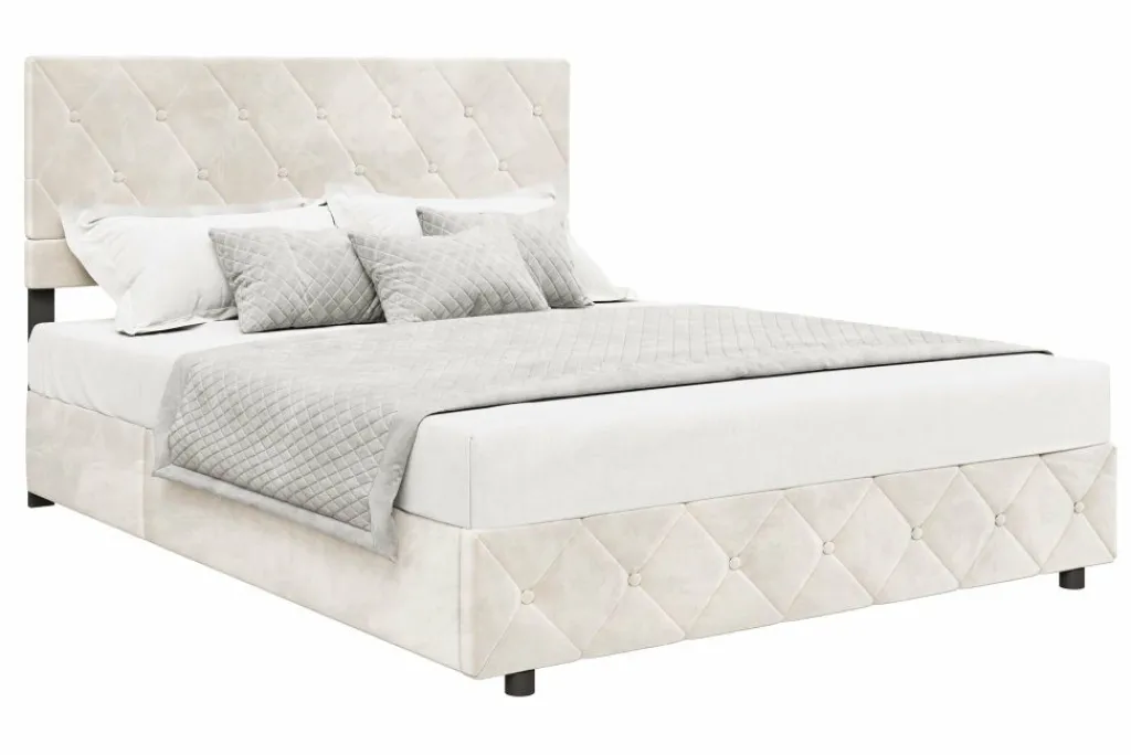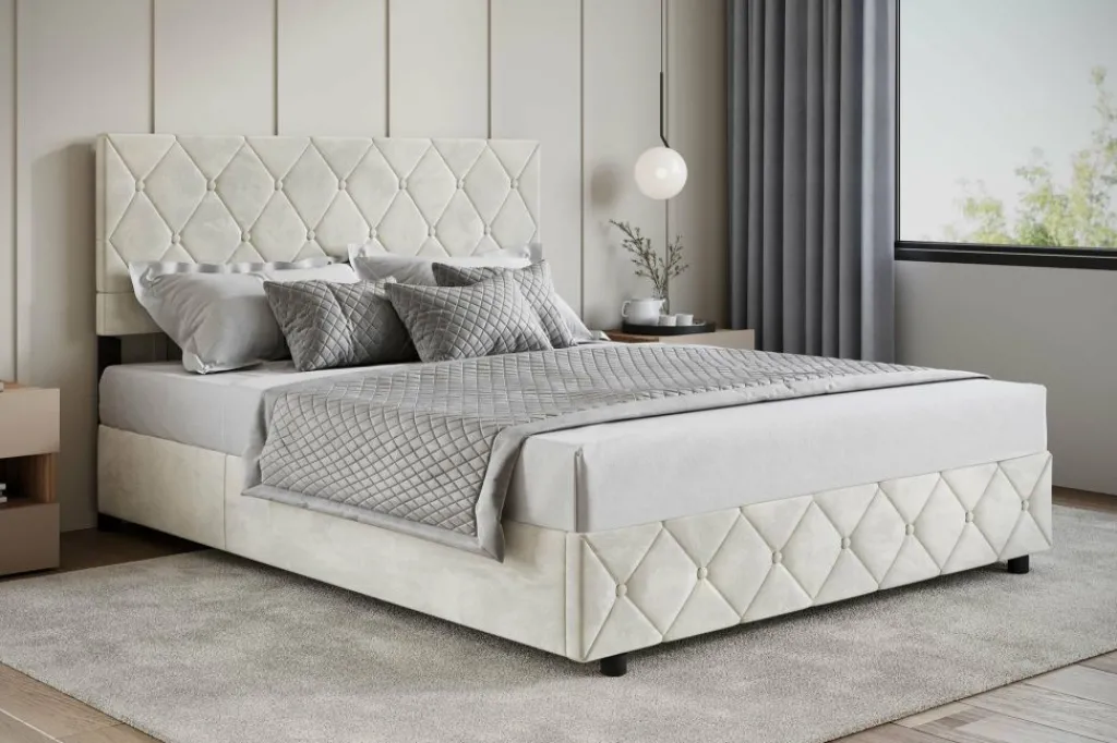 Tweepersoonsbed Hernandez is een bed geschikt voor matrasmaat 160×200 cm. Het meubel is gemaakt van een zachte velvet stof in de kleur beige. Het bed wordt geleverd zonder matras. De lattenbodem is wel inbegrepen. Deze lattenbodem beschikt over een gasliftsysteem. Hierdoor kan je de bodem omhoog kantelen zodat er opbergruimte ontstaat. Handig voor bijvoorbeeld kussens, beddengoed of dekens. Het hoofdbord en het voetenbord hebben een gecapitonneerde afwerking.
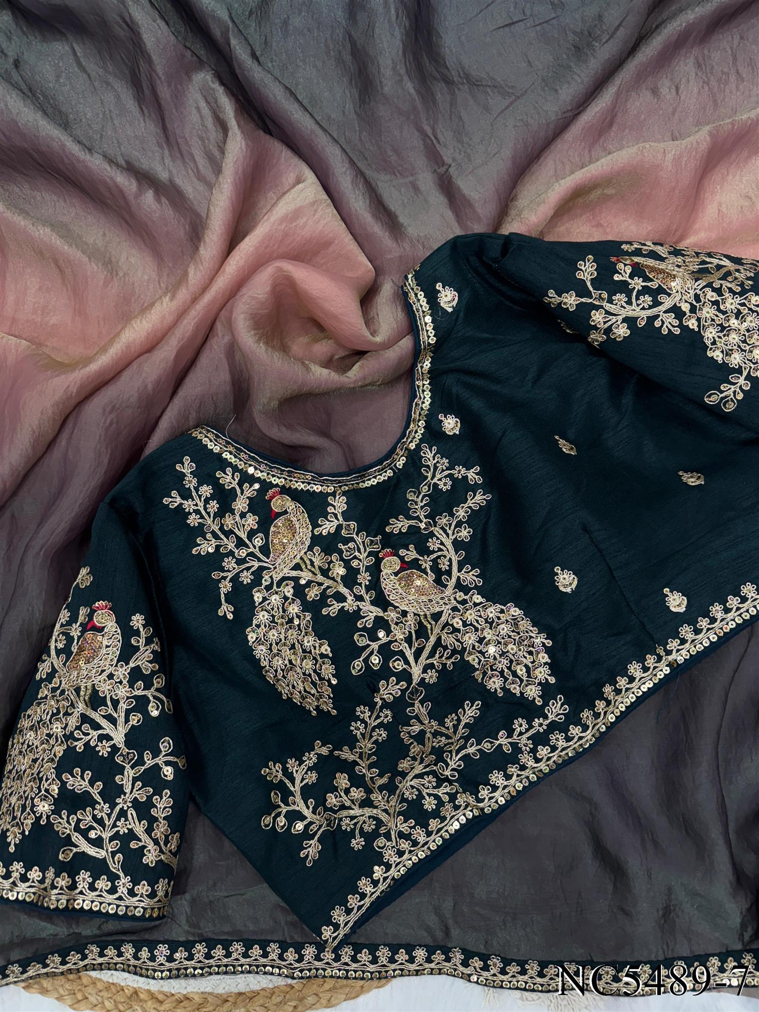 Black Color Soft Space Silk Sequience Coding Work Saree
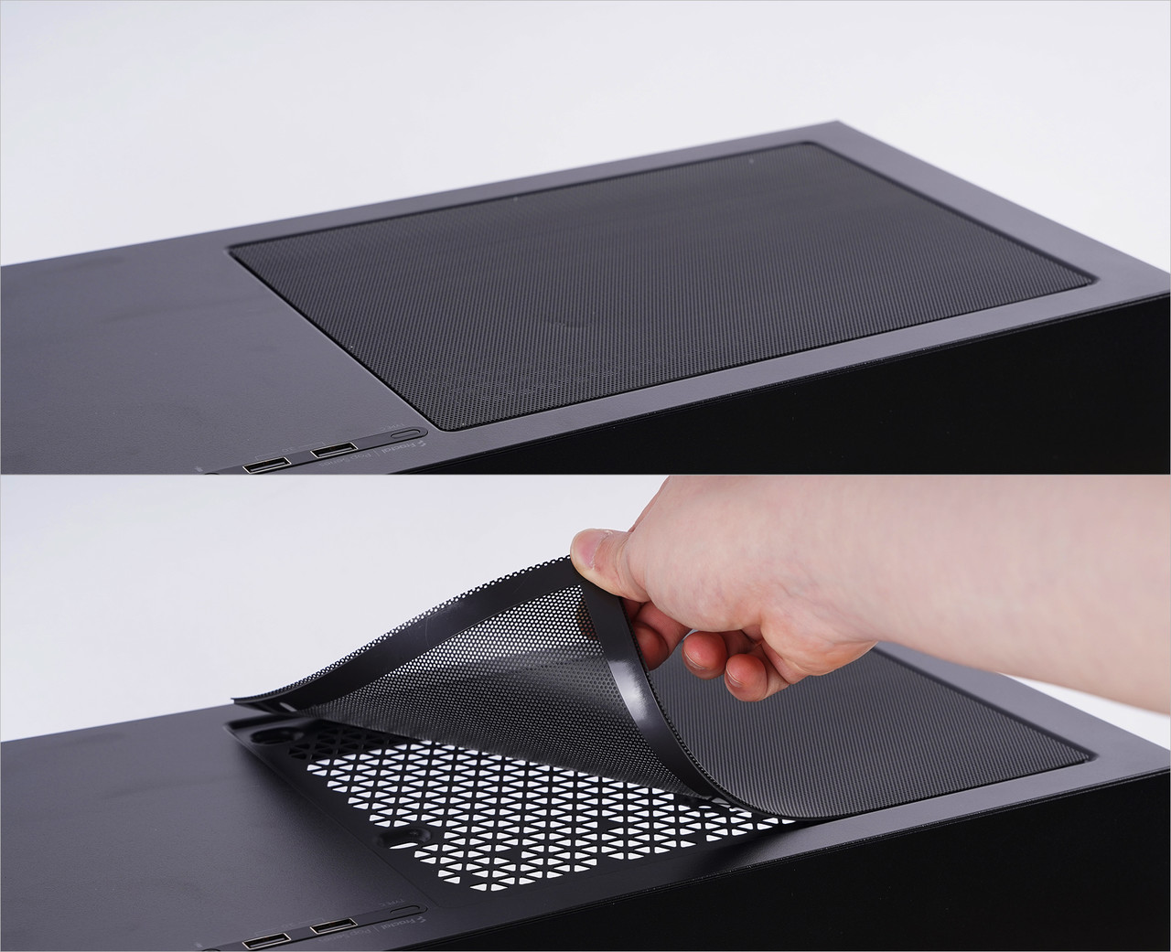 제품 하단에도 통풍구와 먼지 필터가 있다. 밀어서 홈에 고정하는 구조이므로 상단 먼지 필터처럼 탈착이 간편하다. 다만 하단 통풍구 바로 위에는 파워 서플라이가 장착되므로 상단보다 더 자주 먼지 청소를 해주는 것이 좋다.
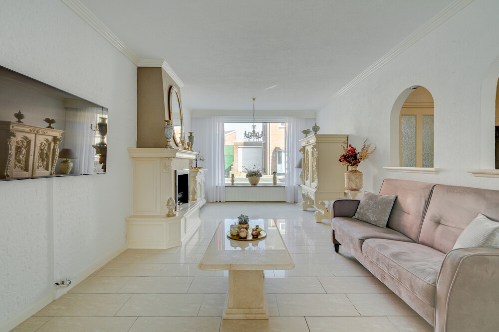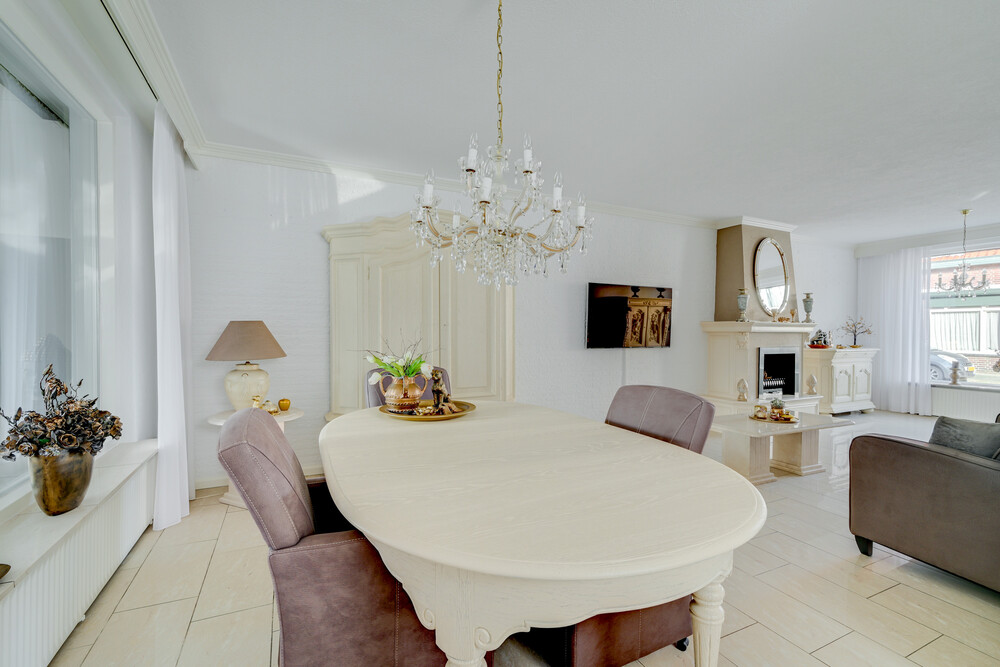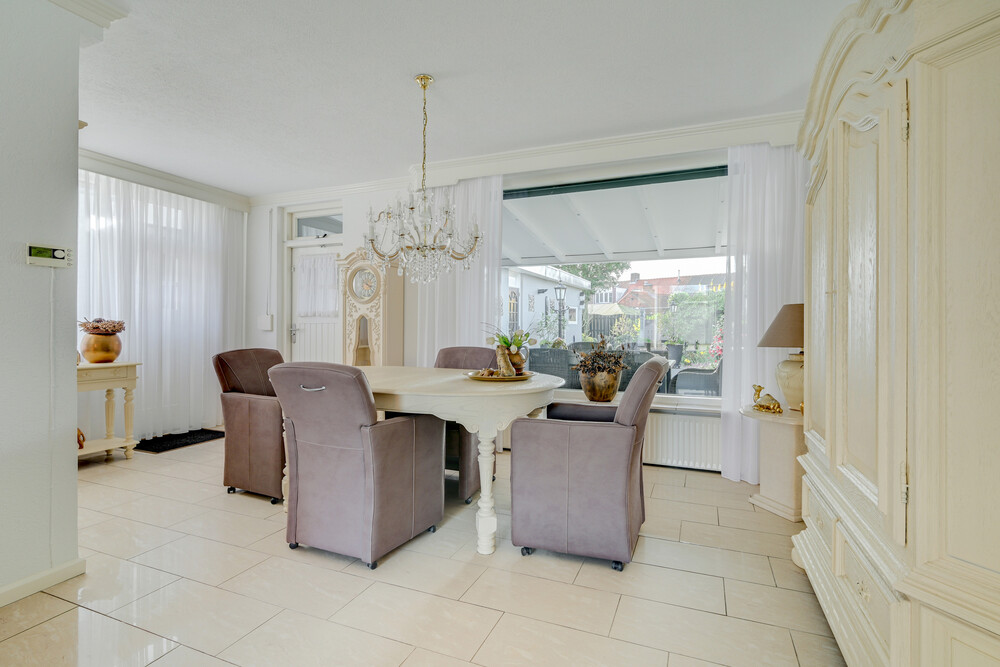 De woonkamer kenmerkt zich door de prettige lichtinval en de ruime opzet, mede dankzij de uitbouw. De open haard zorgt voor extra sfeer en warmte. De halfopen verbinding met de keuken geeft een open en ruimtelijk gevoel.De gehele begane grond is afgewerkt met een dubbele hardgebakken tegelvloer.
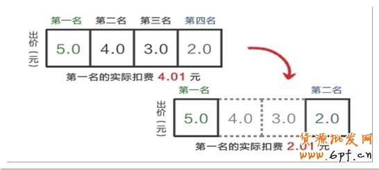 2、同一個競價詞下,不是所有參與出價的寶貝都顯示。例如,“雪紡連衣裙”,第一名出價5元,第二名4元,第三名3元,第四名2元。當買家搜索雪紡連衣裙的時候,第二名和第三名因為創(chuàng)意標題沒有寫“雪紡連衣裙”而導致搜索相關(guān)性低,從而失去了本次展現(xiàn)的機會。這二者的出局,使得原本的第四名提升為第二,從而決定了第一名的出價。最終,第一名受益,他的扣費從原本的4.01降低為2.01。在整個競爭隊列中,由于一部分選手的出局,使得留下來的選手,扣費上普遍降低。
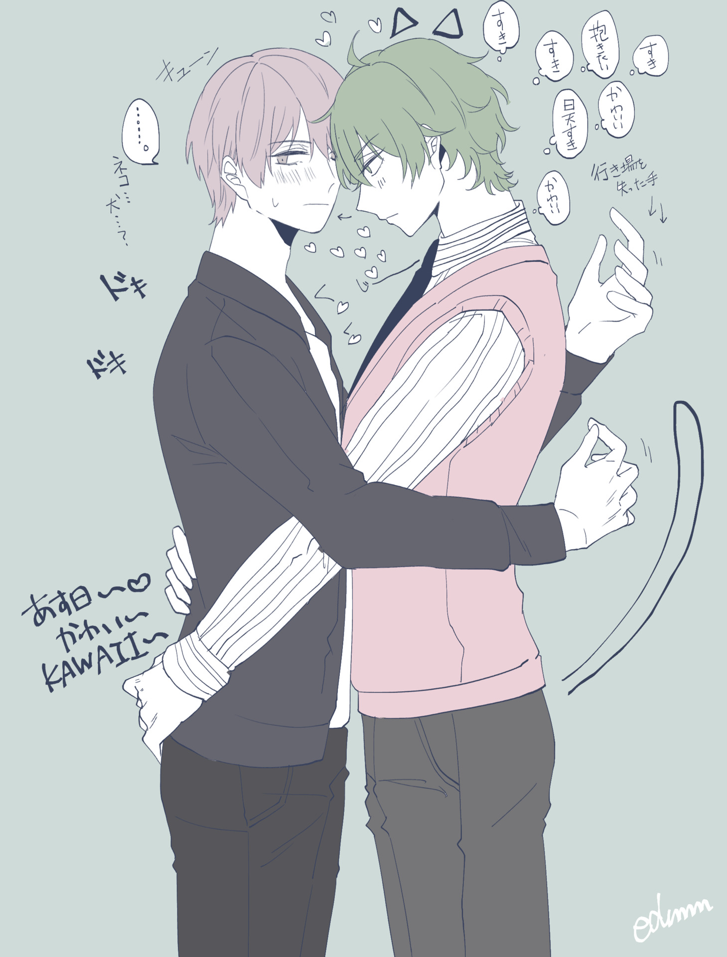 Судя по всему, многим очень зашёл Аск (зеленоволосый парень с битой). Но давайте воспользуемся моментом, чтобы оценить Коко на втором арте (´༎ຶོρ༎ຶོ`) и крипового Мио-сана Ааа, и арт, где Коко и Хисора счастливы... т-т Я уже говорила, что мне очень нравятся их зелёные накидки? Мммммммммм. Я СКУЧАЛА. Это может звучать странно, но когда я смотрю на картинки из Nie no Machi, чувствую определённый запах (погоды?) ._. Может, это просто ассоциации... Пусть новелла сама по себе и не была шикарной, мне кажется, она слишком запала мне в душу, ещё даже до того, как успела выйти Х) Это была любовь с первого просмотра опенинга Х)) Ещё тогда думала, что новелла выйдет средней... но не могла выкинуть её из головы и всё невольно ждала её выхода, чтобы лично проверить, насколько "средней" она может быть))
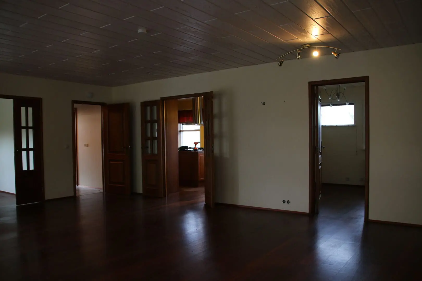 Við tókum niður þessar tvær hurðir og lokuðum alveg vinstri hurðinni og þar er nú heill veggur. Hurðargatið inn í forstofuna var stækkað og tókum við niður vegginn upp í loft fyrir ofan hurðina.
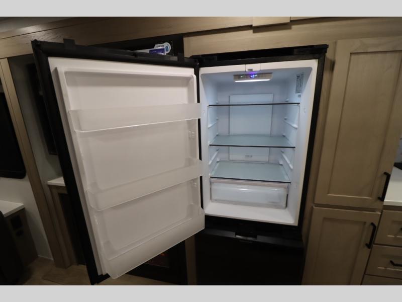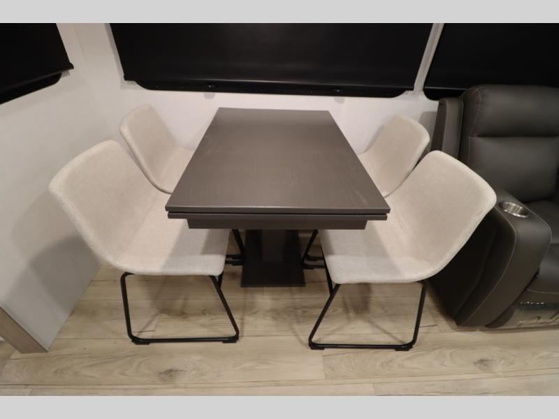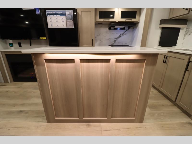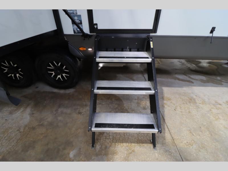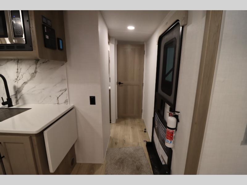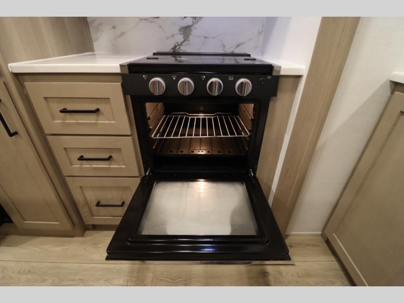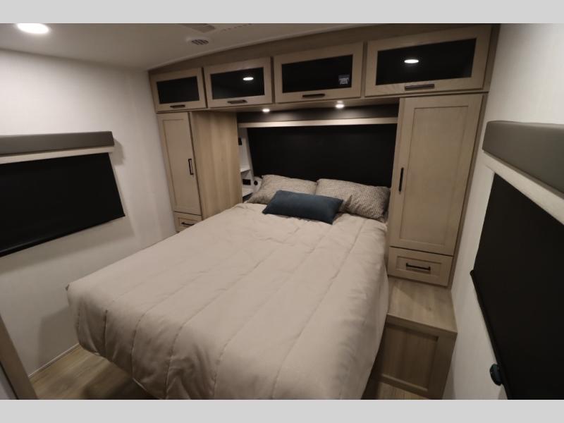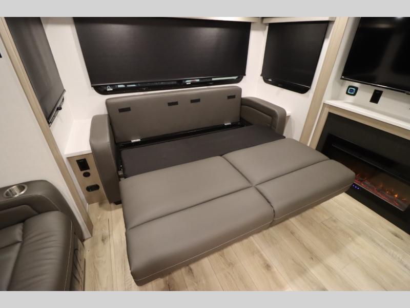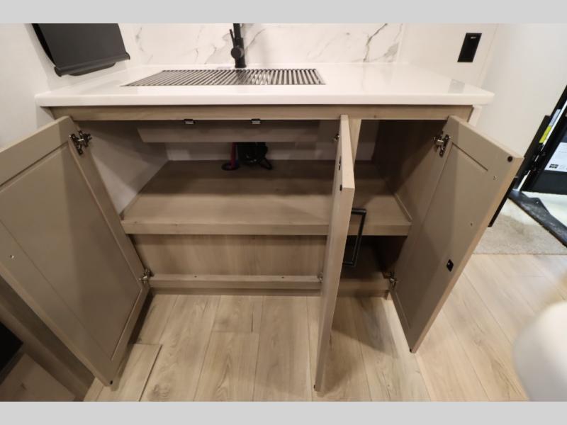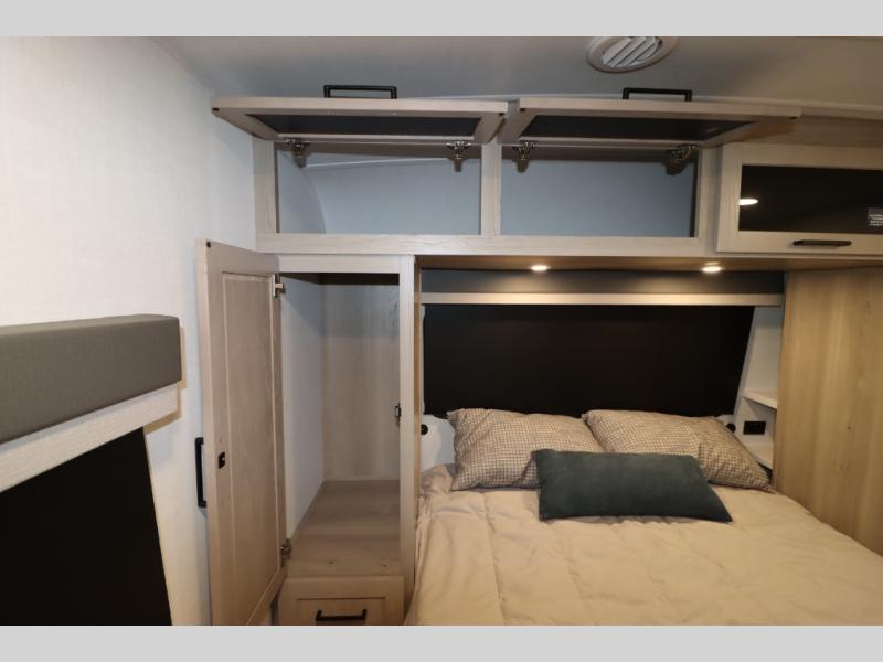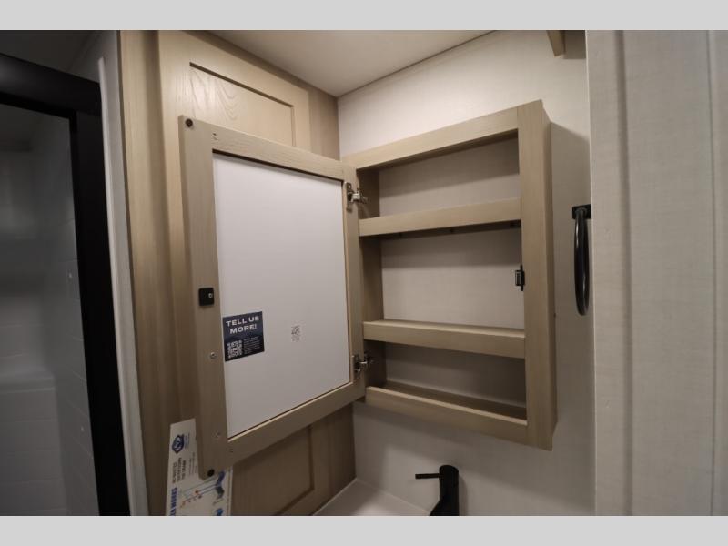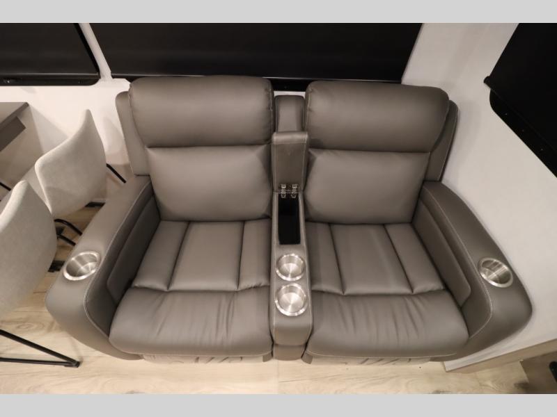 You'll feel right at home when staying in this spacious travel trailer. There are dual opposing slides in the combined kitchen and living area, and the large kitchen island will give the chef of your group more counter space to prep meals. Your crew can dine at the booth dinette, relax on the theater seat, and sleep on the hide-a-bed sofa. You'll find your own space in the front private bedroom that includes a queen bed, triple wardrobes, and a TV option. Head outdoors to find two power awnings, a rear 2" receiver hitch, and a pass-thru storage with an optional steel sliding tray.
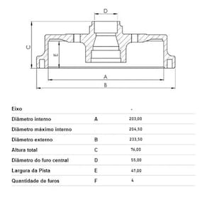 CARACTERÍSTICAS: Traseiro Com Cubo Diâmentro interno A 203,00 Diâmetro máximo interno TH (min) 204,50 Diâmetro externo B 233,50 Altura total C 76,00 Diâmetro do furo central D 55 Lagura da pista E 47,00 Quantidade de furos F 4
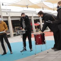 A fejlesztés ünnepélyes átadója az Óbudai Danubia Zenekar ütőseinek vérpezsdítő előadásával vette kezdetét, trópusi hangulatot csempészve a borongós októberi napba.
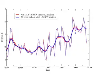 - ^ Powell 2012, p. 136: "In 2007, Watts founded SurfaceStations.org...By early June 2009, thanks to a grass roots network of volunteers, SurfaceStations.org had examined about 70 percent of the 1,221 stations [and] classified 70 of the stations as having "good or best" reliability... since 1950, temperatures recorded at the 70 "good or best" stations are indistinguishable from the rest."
=-=-=-=-=
# DIRECTIONS FOR THIS TASK:
Each line from the one containing "A fejlesztés ünnepélyes" through the final line of the data must be reproduced exactly, both ends included, with no pictures in the copy.

# SOLUTION TO THE EXERCISE:
 A fejlesztés ünnepélyes átadója az Óbudai Danubia Zenekar ütőseinek vérpezsdítő előadásával vette kezdetét, trópusi hangulatot csempészve a borongós októberi napba.
 - ^ Powell 2012, p. 136: "In 2007, Watts founded SurfaceStations.org...By early June 2009, thanks to a grass roots network of volunteers, SurfaceStations.org had examined about 70 percent of the 1,221 stations [and] classified 70 of the stations as having "good or best" reliability... since 1950, temperatures recorded at the 70 "good or best" stations are indistinguishable from the rest."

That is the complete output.